Un ex-employé de Twitter révèle des failles de sécurité béantes

Un ex-employé de Twitter révèle des failles de sécurité béantes
Réglementaire

Recruté comme chef de la sécurité de Twitter fin 2020, licencié en janvier 2022 pour performances insuffisantes, Peiter Zadko (alias « Mudge ») a transmis à plusieurs agences gouvernementales un inquiétant état des lieux des manquements à la sécurité du réseau social. Un constat édifiant, qui devrait avoir des suites.

Alors que la question de son rachat annulé par Elon Musk continue d’attiser la controverse, Twitter se retrouve au coeur d’un scandale de grande ampleur, suite aux révélations de son ancien chef de la sécurité Peiter Zadko, qui a envoyé un accablant document de 200 pages à plusieurs agences gouvernementales américaines, dont le ministère de la justice, la FTC (régulateur du commerce) et la SEC (régulateur des marchés financiers).

L’ancien chef de la sécurité de Twitter dénonce les lacunes « extrêmes » du réseau social en la matière

Ce 23 août 2022, cette procédure a été rendue publique par une enquête de CNN et du Washington Post, avec l’accord de Peiter Zadko, qui se positionne comme lanceur d’alerte des lacunes « extrêmes » de Twitter en matière de sécurité informatique – posant de graves dangers pour les données des utilisateurs, mais aussi pour la sécurité des Etats-Unis et de la démocratie.

Peiter Zadko indique ainsi que des milliers d’employés (près de la moitié des effectifs de Twitter) ont la main sur les contrôles critiques de la plateforme. Ainsi, un employé du service client avait pu effacer le compte de Donald Trump, alors président des Etats-Unis !

Aucune journalisation des accès et des actions effectuées

Après l’insurrection du Capitole, Peiter Zadko aurait voulu sécuriser l’accès à la production de Twitter, pour éviter qu’un employé ne puisse manipuler le réseau social. Il s’aperçoit alors que Twitter ne dispose pas d’un environnement de développement dédié : tous les ingénieurs y ont accès, directement en production, sans journalisation des accès ou des actions effectuées.

Impossible, donc, de savoir qui a fait quoi dans l’infrastructure de la plateforme. Et cela inclut les données personnelles des utilisateurs : selon Peiter Zadko, personne ne sait ce qu’elles deviennent si un utilisateur décide de les effacer (et en particulier si elles restent stockées quelque part).

Mauvaise sécurisation des postes de travail et des serveurs

Le lanceur d’alerte indique par ailleurs que quatre postes de travail sur dix de Twitter sont mal sécurisés, et que les 500 000 serveurs du réseau social sont de véritables passoires, la moitié tournant sur des logiciels obsolètes, sans chiffrement des données au repos ni mise à jour de sécurité, et des capacités de redondance insuffisantes.

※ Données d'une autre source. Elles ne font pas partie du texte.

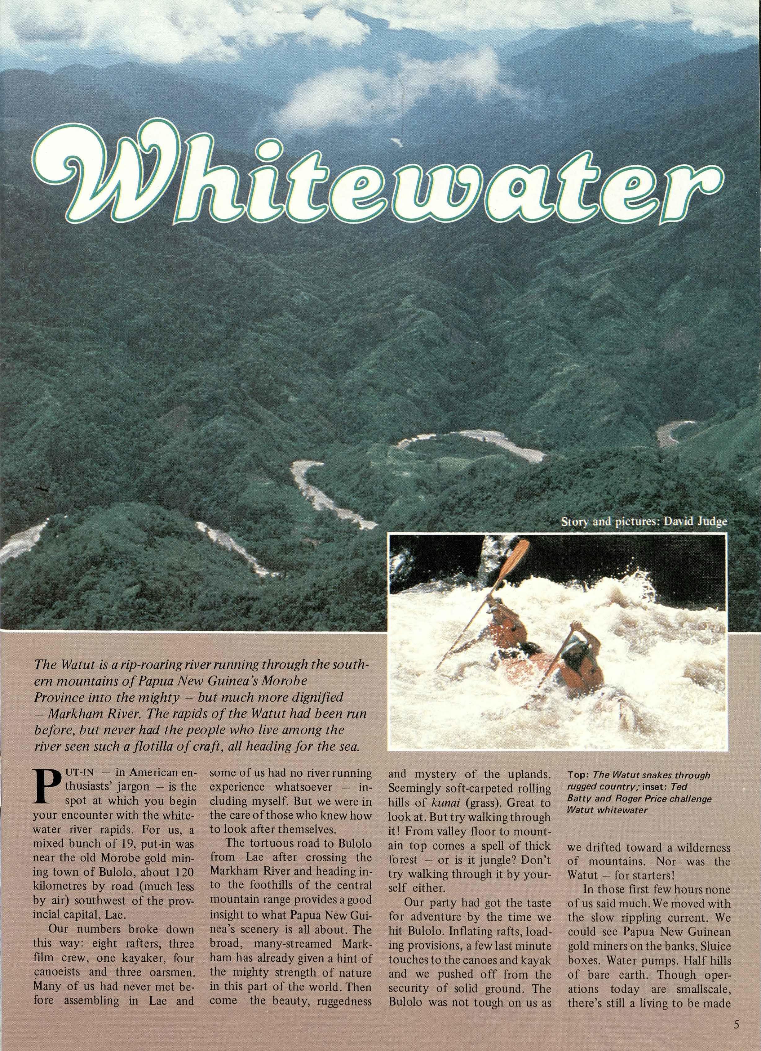The Watut is a rip-roaringriver running through the southern mountains of Papua New Guinea's Morobe Province into the mighty - but much more dignified - Markham River. The rapids of the Watut had been run before, but never had the people who live among the river seen such a flotilla of craft, all heading for the sea.

Peiter Zadko souligne ensuite la porosité de Twitter aux influences étrangères. Peu avant son départ, le gouvernement américain transmet à Twitter des preuves qu’au moins un de ses employés travaillent pour un gouvernement étranger. Un ancien manager de Twiter a d’ailleurs été condamné mi-août 2022 pour espionnage au profit de l’Arabie Saoudite.

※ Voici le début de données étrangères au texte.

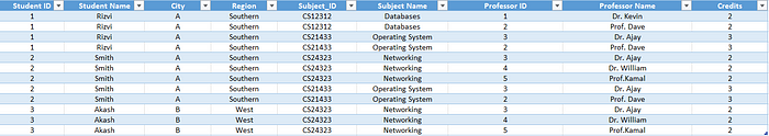 As shown above, the table is already in 1NF. In the above table, all other attributes depend on { Student_Id, Subject_Id, Professor_Id }, which is the composite primary key. But the followings depend on only a part of the composite primary key,
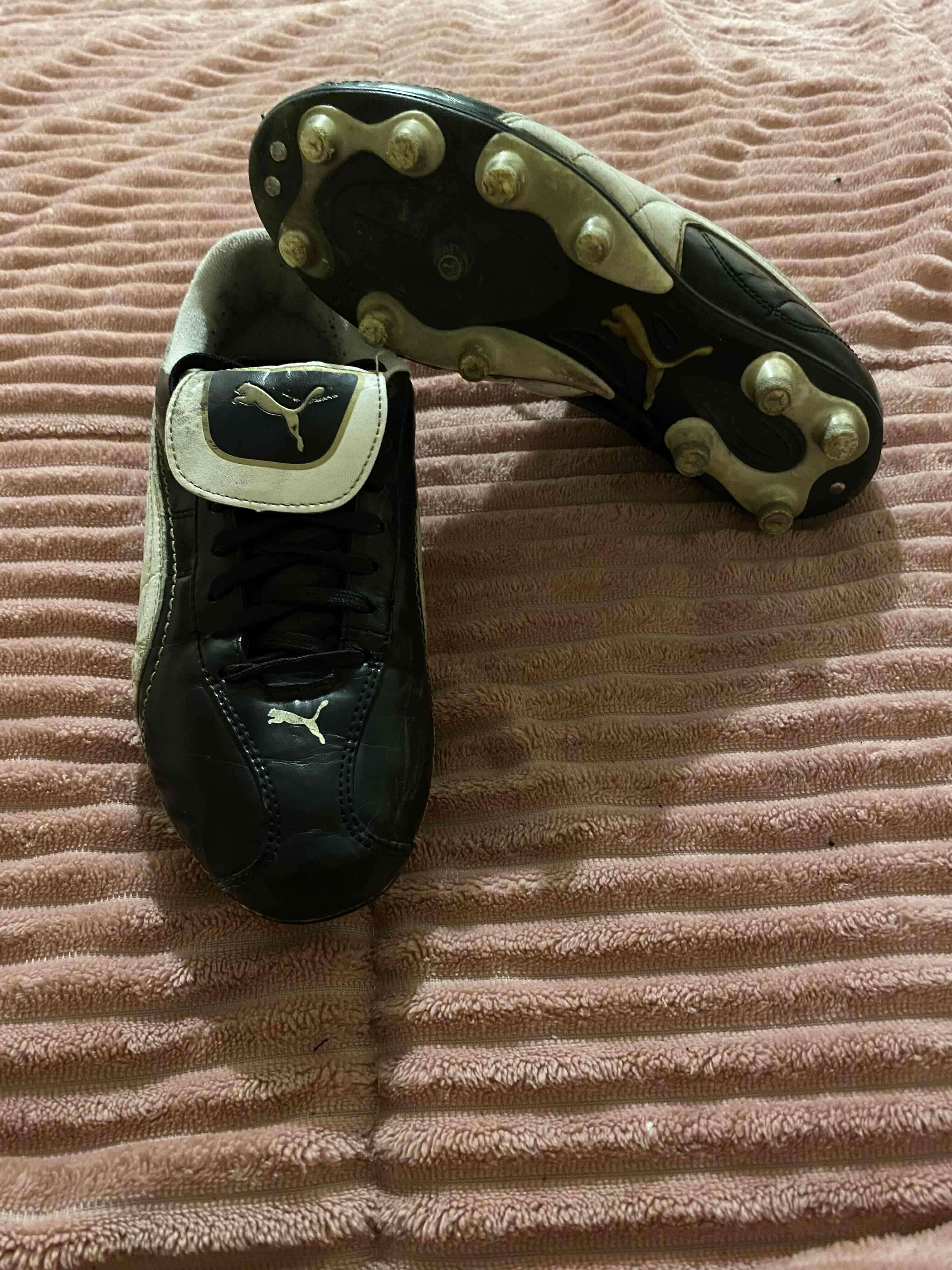 Botines de fútbol Puma en color negro, usados pero en buen estado. Ideales para cancha de pasto.

Selon Peiter Zadko, le gouvernement indien aurait également contraint Twitter à embaucher un de ses agents, et la direction du réseau social aurait sérieusement envisagé de suivre les règles de censure réclamées par la Russie.

Twitter accuse le lanceur d’alerte de mentir, alors que c’est une légende vivante de la cybersécurité

Twitter attribue publiquement ces révélations à la rancoeur d’un employé licencié pour performances insuffisantes. Or, Peiter Zadko, plus connu sous son pseudonyme de Mudge, est un pionnier de la cybersécurité, l’un des premiers hackers éthiques de l’histoire, ayant régulièrement collaboré avec le gouvernement américain.

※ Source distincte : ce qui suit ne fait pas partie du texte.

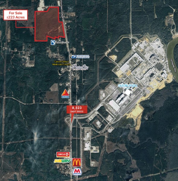 223+/- acres for sale on Hwy 43 just north of Calvert, AL. This property is located across Hwy 43 in very close proximity to the Outokumpu steel mill. The property is in Washington County AL, is unzoned, and just north of the Washington County, Mobile County Line. This property has 1750' of frontage on Hwy 43 with direct access to Hwy 43. The property consists of Washington County AL PIN 21017, 21152, and a portion of 21026. The owner will retain the portion of PIN 21026 that contains the owner's business. The approximate size of the retained portion will be 30+/- acres and will be determined by a future survey.
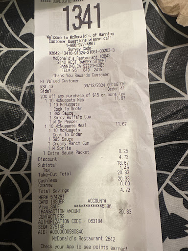 Read moreThis place is either good or completely horrible.. Always having to wait for food that isn’t even fresh 80% of the time and after waiting 20+ minutes to the side the car that pulls up next gets their food at the same time as us.. In the bag, no Ketchup but this time we had napkins when we don’t half the time, the sad thing is we only eat here maybe 3x a month and this is almost always the same type of thing we deal with. This place is lucky most of the guests are from the freeway and will never return to complain. In total for this 30+ minutes of waiting we only ordered two McMuffins and four hash browns. I manage a food venue that sees 2000+ guets per day and is NOT fast food and we still have faster and definitely friendlier service than this place.
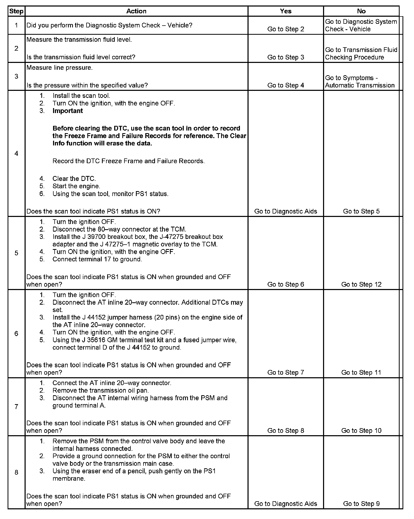 DTC P0842 sets during steady state operation when PS1 indicates ON for 125 milliseconds after shift solenoid 1 (SS1) has been commanded OFF.
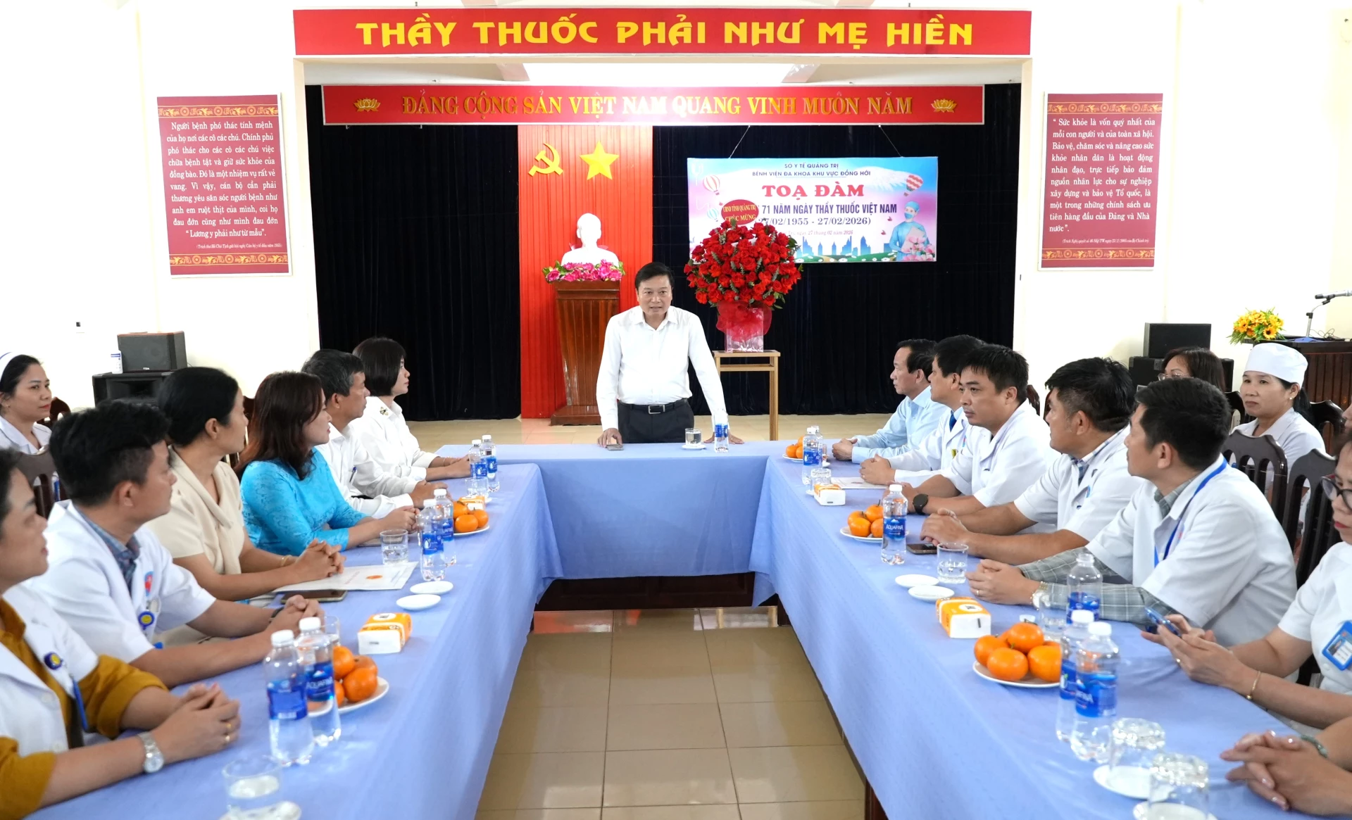 Đồng chí mong muốn mỗi cán bộ, y bác sĩ, nhân viên y tế của bệnh viện luôn giữ vững ngọn lửa yêu nghề, không ngừng học tập, cập nhật kiến thức chuyên môn, rèn luyện y đức, phát huy tinh thần đoàn kết, chung sức xây dựng bệnh viện ngày càng phát triển vững mạnh, thực sự trở thành địa chỉ tin cậy trong công tác chăm sóc và bảo vệ sức khỏe Nhân dân trên địa bàn.

Il accuse Twitter de l’avoir licencié car il insistait pour alerter sur les manquements observés, et la nécessité absolue de les corriger. Il évoque plusieurs conversations avec l’actuel CEO de Twitter, Parag Agrawal (CTO quand Jack Dorsey était encore à la tête de l’entreprise qu’il a fondé) : ce dernier a tout fait pour glisser la poussière sous le tapis, et ne pas agir, tout en demandant à Peiter Zadko de donner l’illusion que des progrès avaient été faits…

Plusieurs sénateurs américains ont indiqué vouloir se saisir de l’affaire, et la porter en justice.